Friday, November 11, 2016

Embodiment and Election

I moved to Massachusetts to feel more at home. But part of my heart is from the Midwest. Cornfields stretch to the horizon and time moves differently. Distances are farther but you can get there in a straight line. Between the towns, the clouds look higher.

I learned a lot about humility from people living in the middle of nowhere. But it was also exhausting. It felt uncomfortable, surrounded by so many whose perspective veered into bigotry. I felt implicated in prejudice when other white people said, "I won't Jew you down," and "I think we have enough black people in our neighborhood," and "Glad to meet you, especially since you never know -- your next door neighbor could be a terrorist."

I'm moving through stages of grief about this election. Today I am depressed and wondering if it's a good thing to live so comfortably. I moved to a "more enlightened" community -- but now I see the full depth of our ignorance. I've sought willful ignorance of what it's like to live in the rest of my own country.

Hate raged through this election, and rages on through communities, battering LGBT people, ripping headscarves off of women, scrawling swastikas on bathroom stalls. Hate is unruly and powerful, but those who commit acts of hate are in the far minority. Hate is a just a distillation -- the purest form of our lowest daily instincts: fear, self-protection, the hunger for power.

Hate's favorite target is the bodies of women. There were so many women's bodies in this election. Melania Trump's naked body, spread across a fur coat. Bleeding bodies, tampons for Trump, the carnage of lost abortion access in Western and Southern states. Battered women's bodies, fat women's bodies, the bodies of grandmothers groaning with pain as they walked a mile to vote for a woman President. Hillary Clinton's body, and what she wore on it. Her clothes, her health, her smile, her brave shimmy. Our knowledge that her body had borne a child, and her daughter's body brought her two grandchildren. So many bodies. Not enough votes.

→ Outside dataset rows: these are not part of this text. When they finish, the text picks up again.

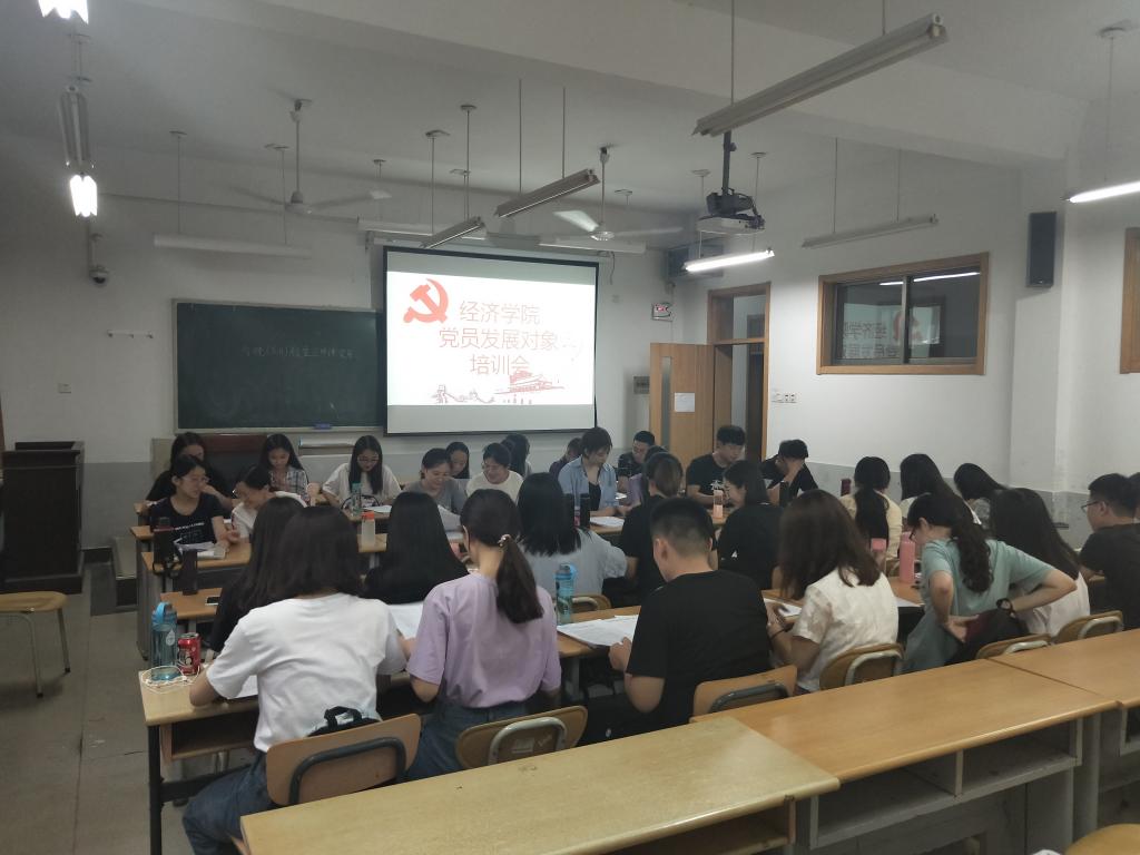 (通讯员李冰封)为深入贯彻落实党的十九大精神和习近平新时代中国特色社会主义思想,按照《中国共产党发展党员工作细则》、《党章》的有关规定,切实加强对发展对象的教育培养工作,保证新发展的党员质量,经济学院于2019�6�10日至13日举办党员发展对象培训,本次培训对象为各支部确定的党员发展对象,共计41人�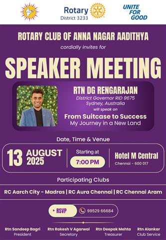 DG Rtn Rengarajan from RID 9675, Sydney, Australia was our guest ce. . .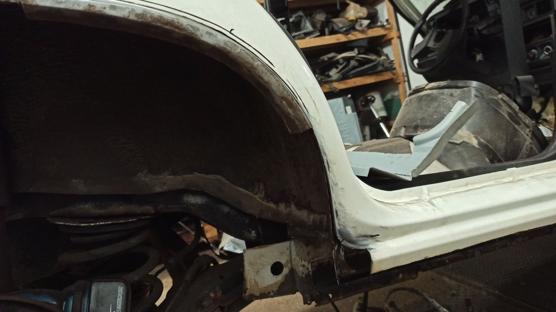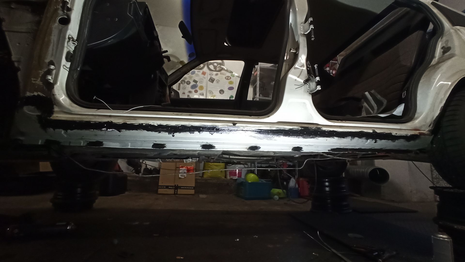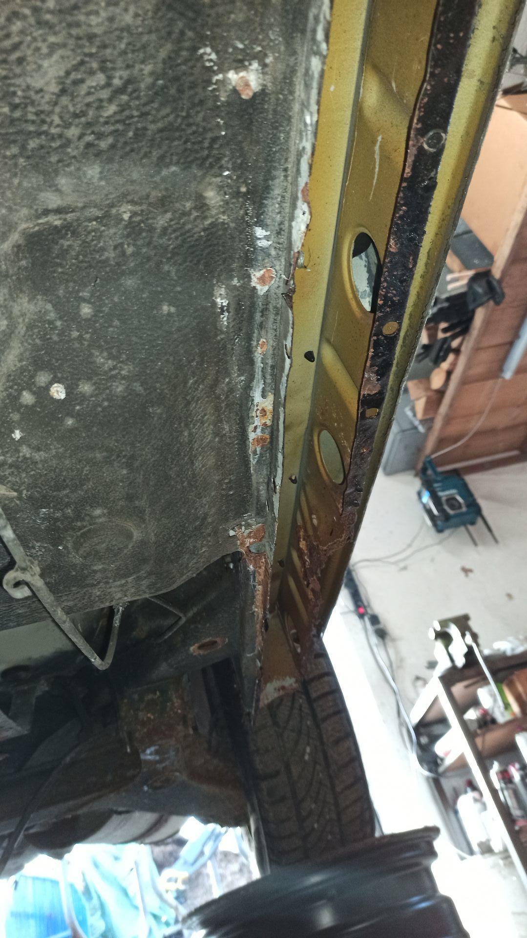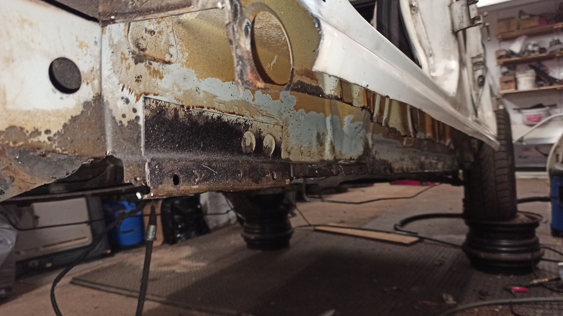 Sodala, mein Caravan ruht über den Winter demnächst gehts an dem Weißen 5türigen GL weiter der ehemals als Schlachter dienen sollte. Gekauft habe ich ihn vor gut 4 jahren weil ich die Höhenverstellbare Lenksäule für den Caravan brauchte.Für 99€ wechselte er den besitzer.Aber irgendwie wollte ich ihn dann doch nicht ganz schlachten und hab ihn dann stehen lassen. Haben uns dann entschieden ihn für meine Freundin fit zu machen da sie auch standesgemäß einen Kadett braucht. Nun soll es erstmal der Karosse an den kragen gehen. Ab werk ist es ein polarweißer 88er C16LZ Automatik mit dunkelbrauner Ausstattung. Bestandsaufnahme ist erstmal arg durchgerostet an den typischen stellen wie Schweller,Innenschweller, Radläufe, Innenradläufe und endspitzen. Die Technik ist am ende. Der rest ist gut in schuss, Querlenkeraufnahmen sind fest mit Leichten Rostansatz an den Falzen.

Listening to women of color in my neighborhood and online, the outcome of this election was no surprise. This is how the world is - it's just how it is. They're pissed at us white women, and I don't blame them. We've all given up on the white men, they're just not on our side. Sure, some of them stood with us, but far more of them did not. They voted for Trump or third party, and then told us what it is that we just don't understand. It was for our own good.

But I don't blame the election on men. Blame is a search for absolution -- and we're all part of this sin. This country is racist. Our culture hates women. Poverty and hard work coexist, and unfairness and pain can be soothed by a good scapegoat. Our country wages wars and murders children with drones. War comes home to our country through terrorism, and we hand it a gun. It's every man for himself, and we bask in denial as our planet grows hot. Crocuses bloomed this November. Even our flowers are confused and burn themselves out.

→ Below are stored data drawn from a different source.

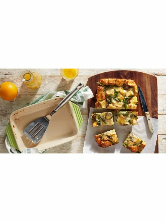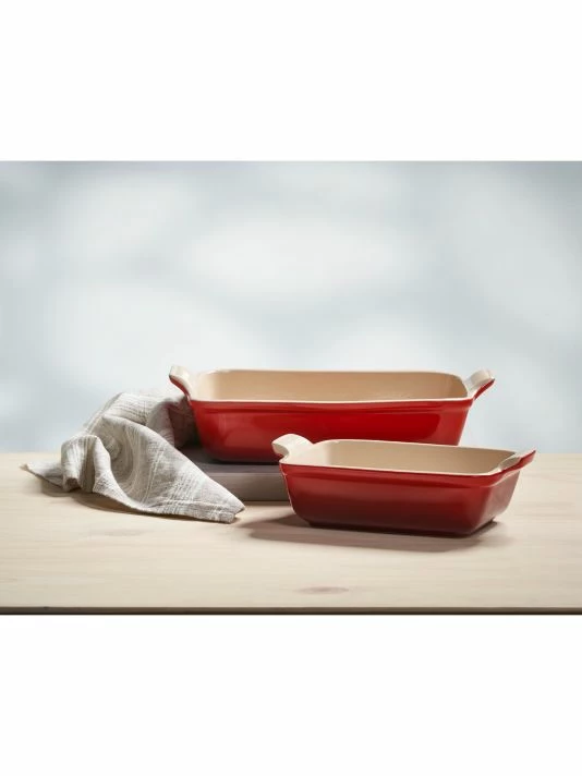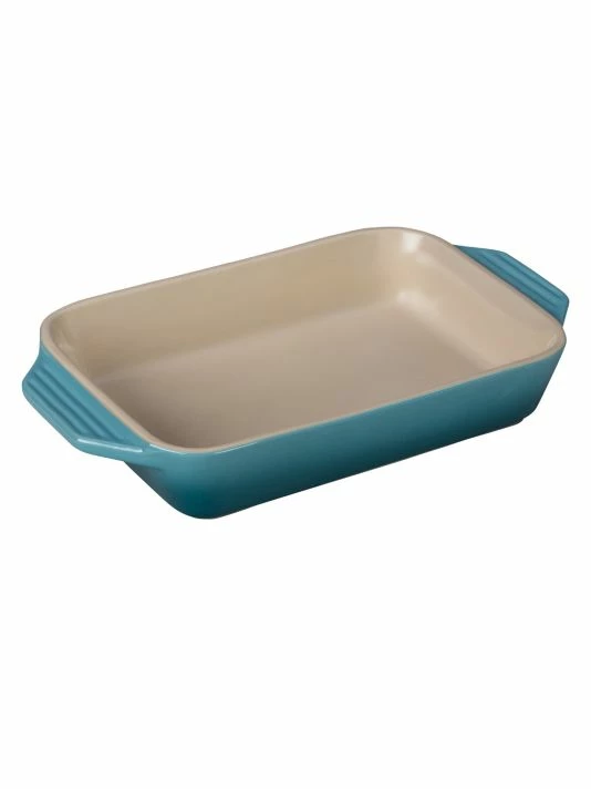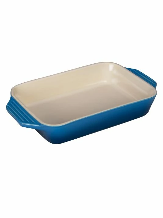 - Le Creuset’s newest line of stoneware features improved performance and contemporary design. The enameled base minimizes moisture absorption, while lengthened handles make for easier carrying.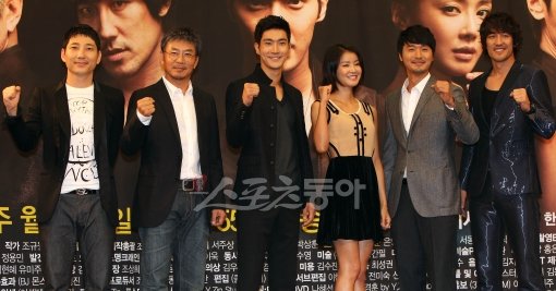 15일 오후 2시 서울 강남구 대치동 컨벤션 디아망에서 열린 KBS 월화드라마 ‘포세이돈’ 제작발표회에서 출연배우들이 포즈를 취하고 있다. ‘포세이돈’은 전미 시청률 1위이자 국내에도 두터운 팬 층을 갖고 있는 인기 미드 NCIS(해군 범죄 수사대)의 한국판 버전으로, 국내 최초로 ‘해양 경찰 미제 사건 수사대’의 리얼 스토리를 담은 수사극으로 19일 첫 방송된다. 정운택, 길용우, 최시원, 이시영, 이성재, 한정수(왼쪽부터).
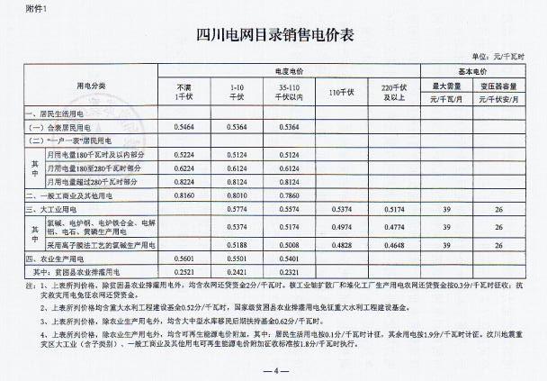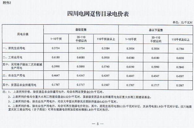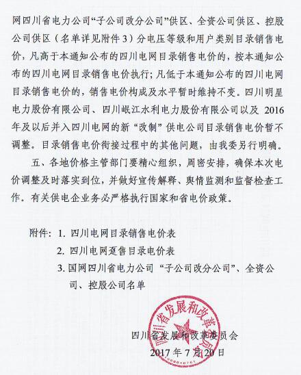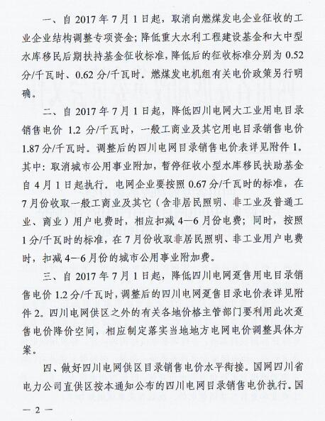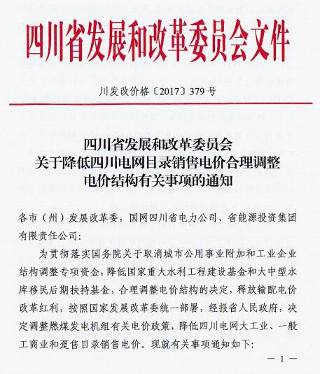 近日,四川省發(fā) 改 委發(fā)布了《四川省發(fā)展和改革委員會關(guān)于降低四川電網(wǎng)目錄銷售電價合理調(diào)整電價結(jié)構(gòu)有關(guān)事項的通知》(以下簡稱“通知”)。通知指出,自2017年7月1日起,取消向燃煤發(fā)電企業(yè)征收工業(yè)企業(yè)結(jié)構(gòu)調(diào)整專項資金,降低重大水利工程建設基金和中大型水庫移民后期扶持基金征收標準,降低后的征收標準分別為0.52分/千瓦時、0.62分/千瓦時。燃煤發(fā)電機組有關(guān)電價政策另行明確。具體情況如下: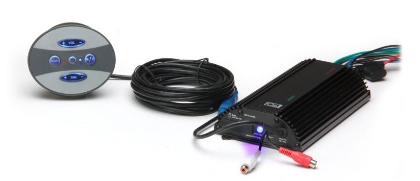 The unit accepts either audio streamed via Bluetooth connection or hard wired input via RCA input. The waterproof control pad is easily mounted as the body of the keypad is threaded and the large mounting nut is tightened against the back side of the mounting surface.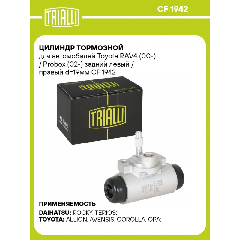 Цилиндр тормозной для автомобилей Toyota RAV4 (00-) / Probox (02-) задний левый / правый d=19мм Характеристики: Артикул: CF 1942 OEM номера: 4755042020, 47550B4010 Сопутствующие товары: Колодки тормозные барабанные: GF 1910, GF 4556 Количество на автомобиль: 2 Диаметр, мм: 19 Размер резьбы: M10x1 Гарантийный срок: 2 года / 60 000 км Материал: Алюминий Сторона установки: Задняя ось Товарная линейка: BLACK Комплектация: Цилиндр тормозной - 1 шт Гарантия: от 1 года.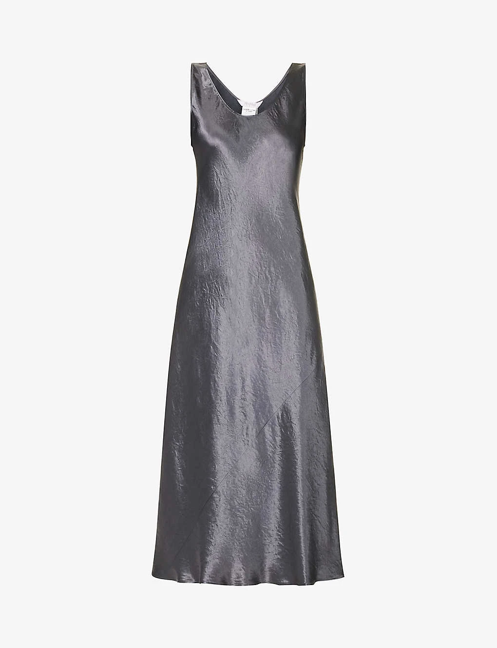 - Regular fit, scoop neckline, sleeveless, soft crease satin texture, flared hem

Here's what I know about mothers. We know how to clean up. We will solve the crisis and patch up the wounds. We're not afraid of blood. We're not afraid of tears.

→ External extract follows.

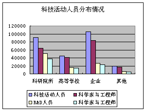 从首都高校的这10个学科领域看, 7个学科属于人文社科类,1个是基础学科,2个工科学科。这也是与高校的科学研究的特点和研究方向相吻合的。 3、首都高校与企业和国外机构的合作不断加强 首都高校在科研活动中,加强了与其他机构的合作,其中与企业的合作是高校面向首都国民经济建设的最直接的方式之一。与企业的合作形式有,共同承担课题、接受企业的委托课题、对企业人员进行培训、咨询服务等,逐步实现全方位的合作。从2000年首都高校承担的科研课题看,全部8278项课题中有1540项课题是通过高校与各类企业合作进行的,占全部课题数的18.6%;同时来自企业的委托研究课题也比较多,达到了795项,占全部课题数的9.6%。 首都高校还加强已有科研成果向企业的转移工作,让高校的科研成果能够在企业发挥作用,实现向现实生产力的转化。2000年,首都高校共签订技术转让合同1159项,合同总金额81195.1万元,为首都企业利用高新技术提升竞争力,达到迅速发展提供了良好的条件。 同时,首都高校还加强了与国外机构的合作。特别注重了项目(课题)的合作研究,利用国外先进的科研力量和设备条件,提高首都高校的科技活动水平和R&D活动的层次和质量。2000年,首都高校与境外机构合作研究课题148项,与境内注册的外商独资企业合作研究课题11项。首都高校还与国外的机构合办了一些高水平的研究机构,共同开展科研活动。2000年,首都高校与境外机构合办研究机构66个,与境内注册外商独资企业合办研究机构33个。 首都高校在提升自己综合科研实力和竞争力的同时,也在不断加强与企业和国外机构的合作,多方面引进科研经费和智力资源,提升首都高校的科技活动层次和水平。 4、高校是首都技术创新体系中的一支重要力量 近几年,以中关村高科技园区为代表的高新技术产业的迅猛发展,推动了首都经济的飞速发展。这与首都技术创新体系的基本确立是分不开的,其中首都高校是首都技术创新体系中的一支重要力量。 中关村高新科技园区也是首都高校最集中的区域,首都高校中有近70%的高校位于中关村园区内,如清华大学、北京大学、北航等名校均在此列,这些高校为园区的高新企业发展和首都技术创新体系提供了充足的智力资源。2000年,园区内的高校有R&D活动人员26038人,校内科研机构543个,当年研究课题7450个,转让科技成果986个。通过这些数字可以看出,首都高校成为促进中关村高新产业发展的重要支撑。 另一方面,首都高校还积极参与到高新产业的实践中去,清华同方、北大方正等为代表的高校产业正迅速成长壮大起来,已经成为中关村地区的科技企业的重要部分。同时,首都高校还通过建立大学科技园的方式介入到首都经济建设中去,其中包括清华大学、北京大学等2个国家级大学科技园和北京航空航天大学科技园、北京邮电大学等8个北京市级大学科技园。这些大学科技园的建设,为高校参与首都经济建设提供了充分的基础条件,将更大程度地发挥首都高校的优势和特点,为首都经济建设服务。 二、首都高校科技活动的特点 高等学校具有培养高层次人才和开展科学研究活动两方面的职能,其科技活动与科研院所、企业的科技活动在研究方向和研究内容等方面也有一定的区别,从这次R&D资源清查的结果我们可以看出,首都高校的科技活动有自己的特点。 1、科技活动人员密集,整体素质高 虽然有R&D活动的高校数只占全市单位数的2%,从业人员只占全市的6.57%,但科技活动人员却占全市的19.14%,R&D活动人员占全市的18.26%。从此可以看出,首都高校是全市科技活动人员非常集中的地方。 首都高校的科技活动人员在学历和职称方面,也处于较高的层次,整体素质较高。科技活动人员中科学家与工程师的比例,也就是文化程度在大专以上或拥有中级及以上技术职称的人员在科技活动人员中所占的比例,全市平均为78.89%,科研机构为70.6%,企业系统为79.1%,高校为93.5%,高校的人员素质大大超过了全市和其他系统的水平,反映出高校系统在科技人员素质方面的优势比较明显。具体情况见表二。 北京市不同科技活动类型情况比较表 表二:

Everybody, stop speaking! Listen to the mothers.

Mothers: what is your pain? What are you afraid of? What fear brought you to a man who promises to separate mothers from their children? What terror persuades you that another woman's body should not be her own? What hurts in your marriage, that you think the love of two men or two women could possibly threaten it? What do you need? What can be done?

Never mind about the men. Let them do their thing. But if mama's not happy, nobody's happy. What world would we live in if mothers knew only hope?